Exercise details:
The output must consist only of the lines from the one with "The white waxy" through the end of the listing, restated exactly and free of pictures.

Material provided:

▬▬▬▬▬▬▬▬▬▬

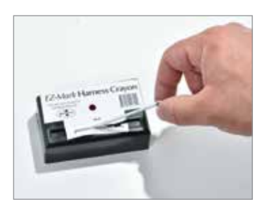
1. If using metal cotter pin, remove from the packaging. The plastic pins are provided loose.
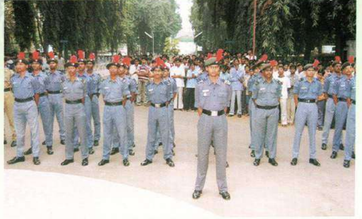
Proud to be a NCC Cadet !
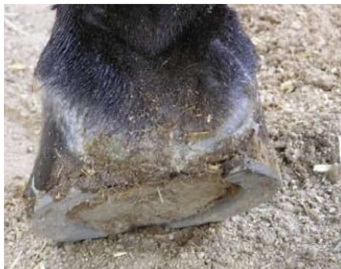
The white waxy substance on the coronary band and at the heels is the 'rubbish' that has come out after soaking.

If you are using buckets or tubs to soak the feet you want the water to at least cover the coronet band and the bulbs of the heels. Higher is better. So depending on the size tub you use this will take about 5 litres of water per tub.
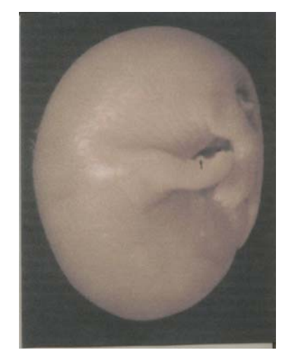
Fig. 1. Lateral view of C-shaped mouse embryo with extra digit (arrow), after injecting (IP) 100 mg/kg of QPPE, on day 10 of gestation

▬▬▬▬▬▬▬▬▬▬

Response to this exercise:
The white waxy substance on the coronary band and at the heels is the 'rubbish' that has come out after soaking.

If you are using buckets or tubs to soak the feet you want the water to at least cover the coronet band and the bulbs of the heels. Higher is better. So depending on the size tub you use this will take about 5 litres of water per tub.
Fig. 1. Lateral view of C-shaped mouse embryo with extra digit (arrow), after injecting (IP) 100 mg/kg of QPPE, on day 10 of gestation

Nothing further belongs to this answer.